Your objective:
With the pictures left out, output the records below exactly.

Provided records:
* * * * * * *

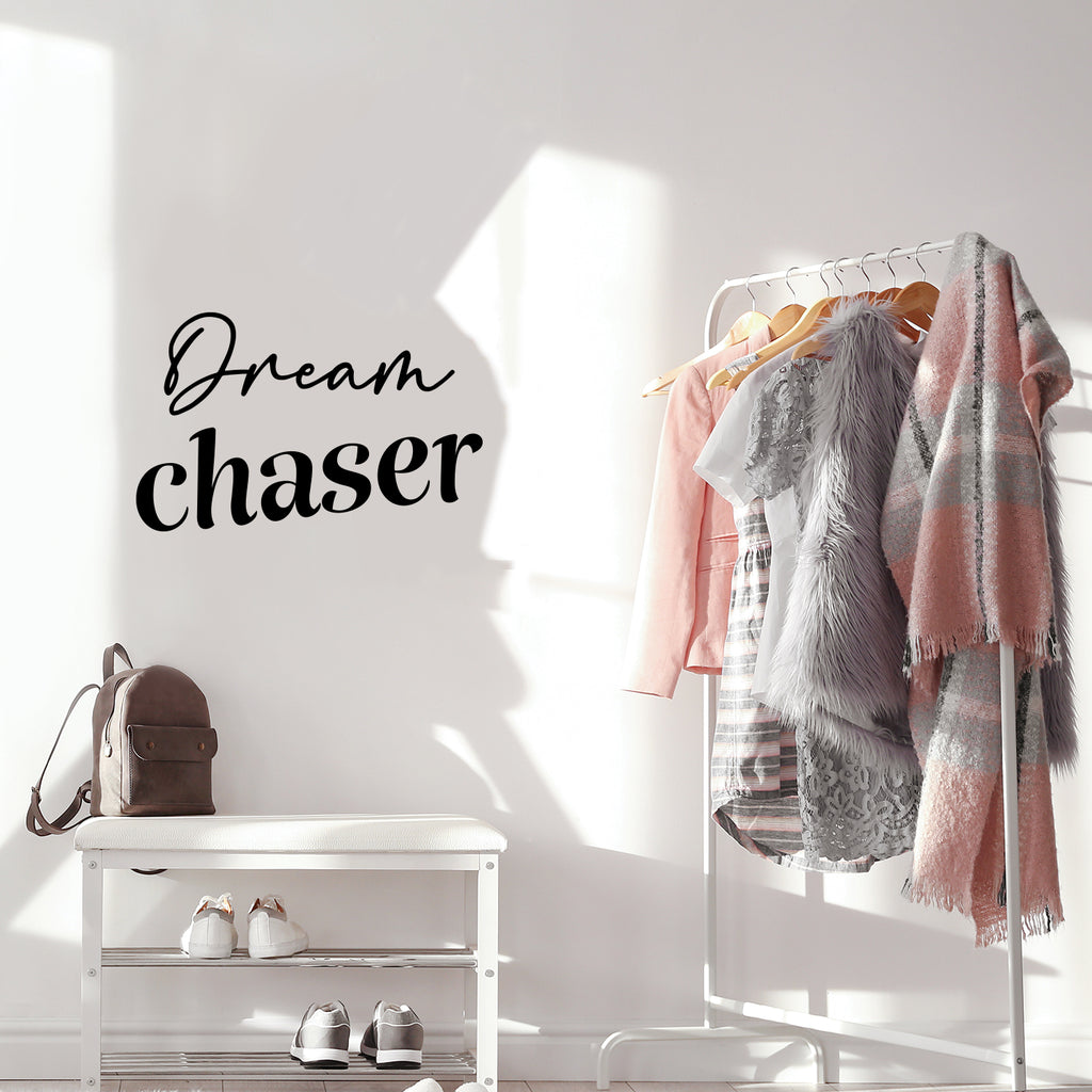 This awesome inspirational decal quote "Dream Chaser"; is the perfect touch for your home or school. Use it for your bedroom; living room; storefront or anywhere you want to bring some extra cute decoration. It's a vinyl sticker that is easy to put on any smooth and dry surface. Our modern designs don't just brighten up the room; but brighten up the day. Using top of the line vinyl across all of our production allows us to be the leaders in quality and design.
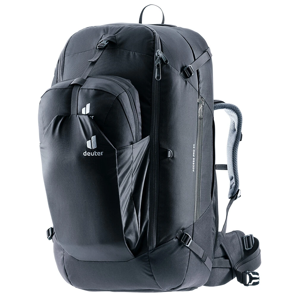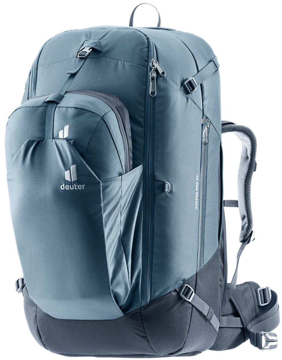 Deuter Access Pro 65: Maximální prostor pro světoběžníky. Potřebujete na své cesty ještě o kousek více místa, ale odmítáte s sebou vláčet neforemný kufr? Deuter Access Pro 65 je vlajkovou lodí řady Access. Kombinuje obří objem expedičního batohu s elegancí a organizací cestovního zavazadla.
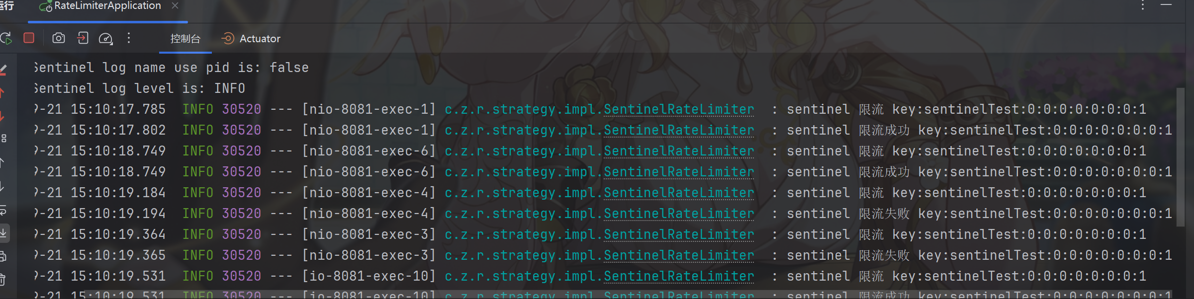 @RateLimiter(strategy = RateLimiteConstants.SENTINEL, limit = 2, period = 2, fallbackMethod = "fallbackMethod")
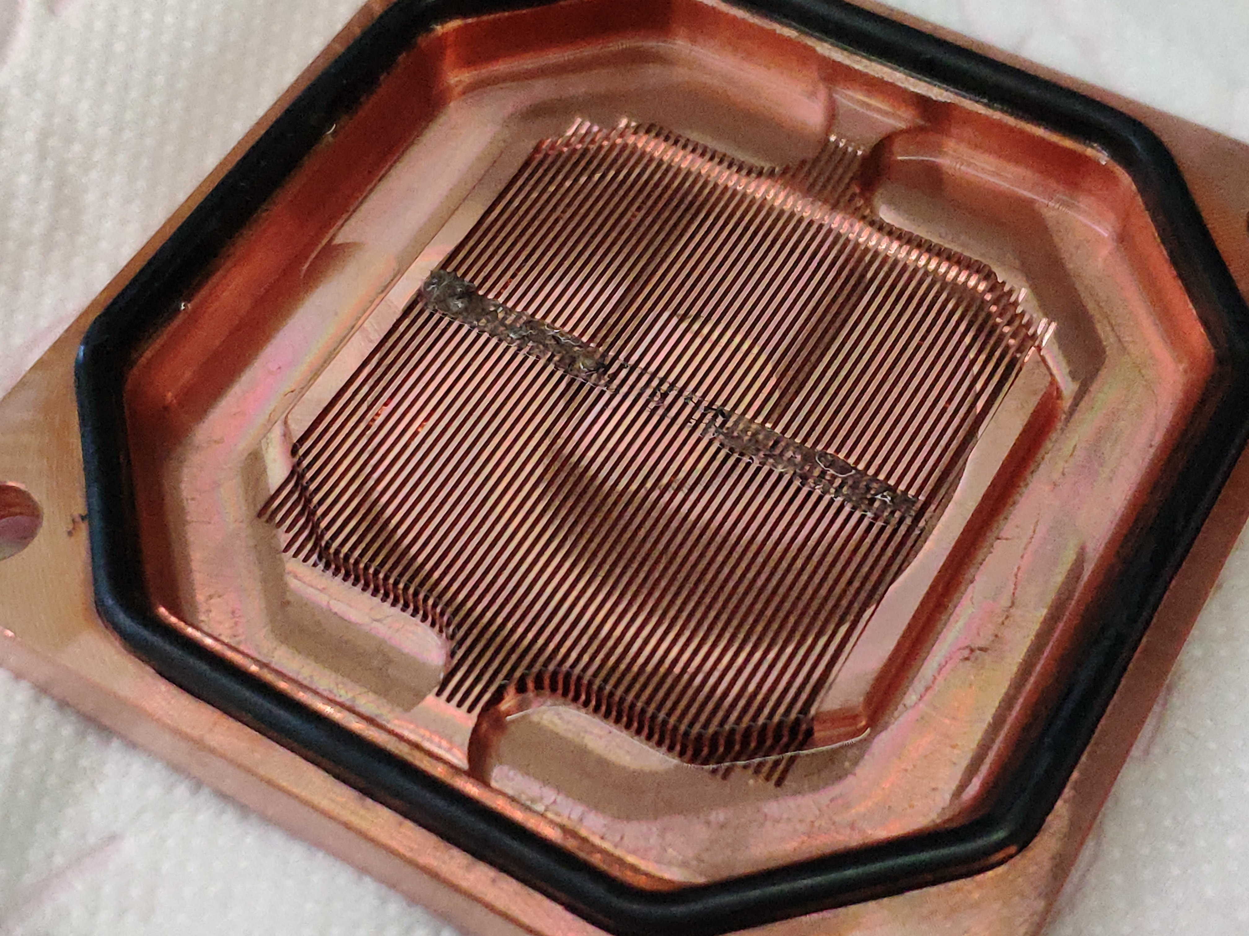Het leek er op dat er wat viezigheid in het cpu-blok terecht was gekomen dus die had ik nog even open gemaakt, en jahoor! Dus dat schoon gemaakt en terug de build in.
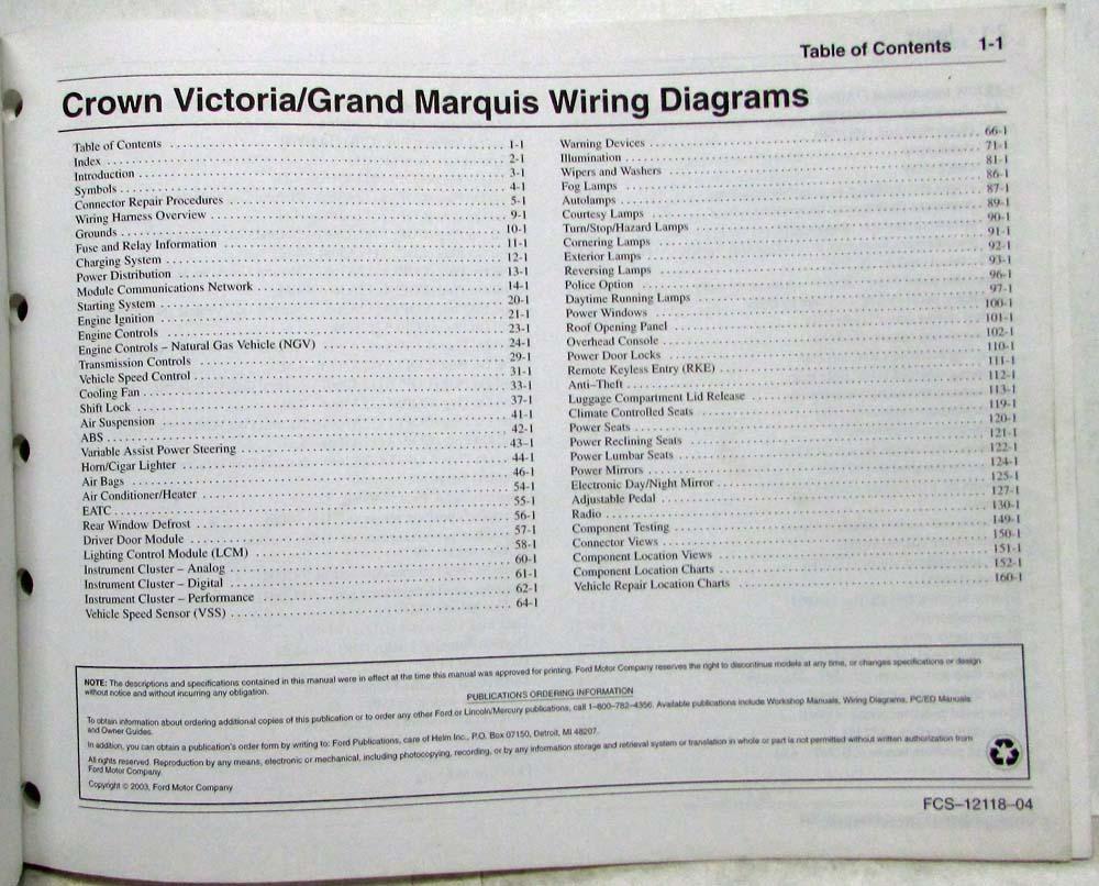 Good original 2004 Ford/Mercury Dealer Electrical Wiring Diagram Service Manual. This manual was used by the Factory Dealership to diagnose and identify electrical problems on the Crown Victoria & Grand Marquis Models. It contains a wealth of information and will prove invaluable in service procedures on this model. 12118-04
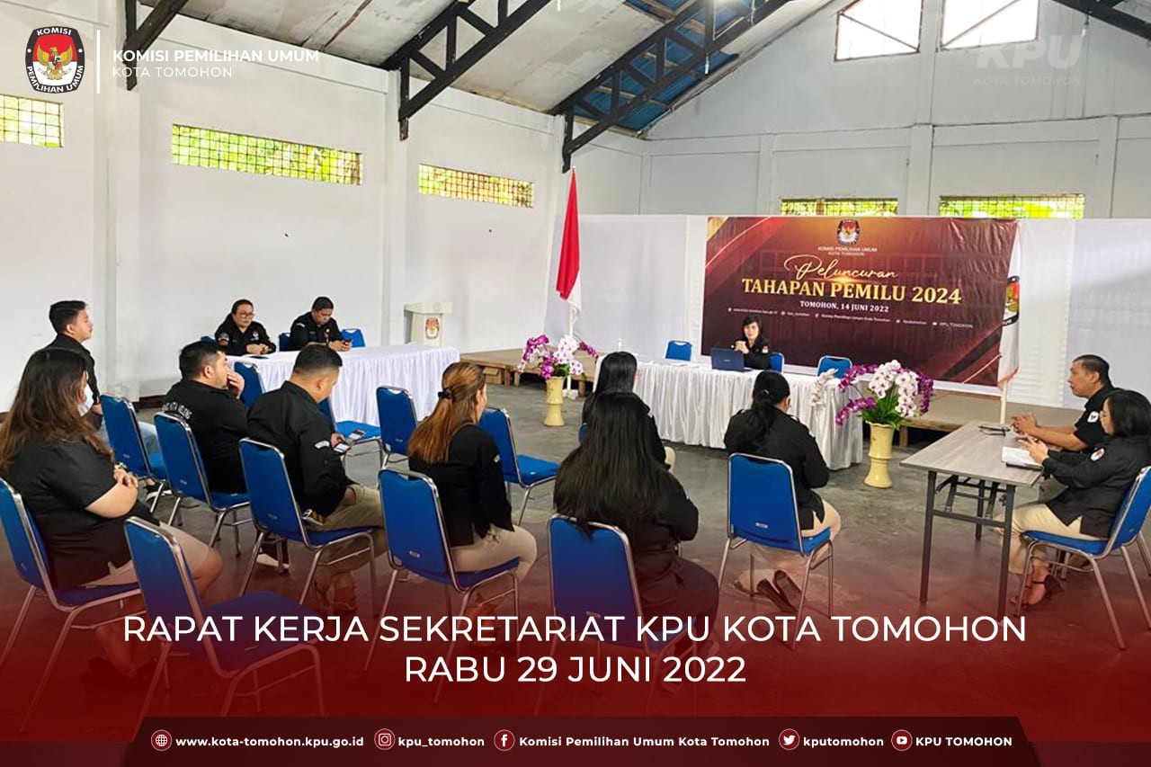 Tomohon, kota-tomohon.kpu.go.id - Komisi Pemilihan Umum Kota Tomohon melaksanakan Rapat Kerja Sekretariat, bertempat di Kantor KPU Kota Tomohon yang dipimpin langsung oleh Sekretaris Stella Sompe (29/6). Rapat ini mengevaluasi tentang tugas, fungsi, wewenang PNS dan PPNPN serta langkah- langkah yang akan ditempuh untuk menciptakan lingkungan kerja yang nyaman serta meningkatkan kinerja sekretariat KPU Kota Tomohon.

* * * * * * *

Answer space:
 This awesome inspirational decal quote "Dream Chaser"; is the perfect touch for your home or school. Use it for your bedroom; living room; storefront or anywhere you want to bring some extra cute decoration. It's a vinyl sticker that is easy to put on any smooth and dry surface. Our modern designs don't just brighten up the room; but brighten up the day. Using top of the line vinyl across all of our production allows us to be the leaders in quality and design.
 Deuter Access Pro 65: Maximální prostor pro světoběžníky. Potřebujete na své cesty ještě o kousek více místa, ale odmítáte s sebou vláčet neforemný kufr? Deuter Access Pro 65 je vlajkovou lodí řady Access. Kombinuje obří objem expedičního batohu s elegancí a organizací cestovního zavazadla.
 @RateLimiter(strategy = RateLimiteConstants.SENTINEL, limit = 2, period = 2, fallbackMethod = "fallbackMethod")
Het leek er op dat er wat viezigheid in het cpu-blok terecht was gekomen dus die had ik nog even open gemaakt, en jahoor! Dus dat schoon gemaakt en terug de build in.
 Good original 2004 Ford/Mercury Dealer Electrical Wiring Diagram Service Manual. This manual was used by the Factory Dealership to diagnose and identify electrical problems on the Crown Victoria & Grand Marquis Models. It contains a wealth of information and will prove invaluable in service procedures on this model. 12118-04
 Tomohon, kota-tomohon.kpu.go.id - Komisi Pemilihan Umum Kota Tomohon melaksanakan Rapat Kerja Sekretariat, bertempat di Kantor KPU Kota Tomohon yang dipimpin langsung oleh Sekretaris Stella Sompe (29/6). Rapat ini mengevaluasi tentang tugas, fungsi, wewenang PNS dan PPNPN serta langkah- langkah yang akan ditempuh untuk menciptakan lingkungan kerja yang nyaman serta meningkatkan kinerja sekretariat KPU Kota Tomohon.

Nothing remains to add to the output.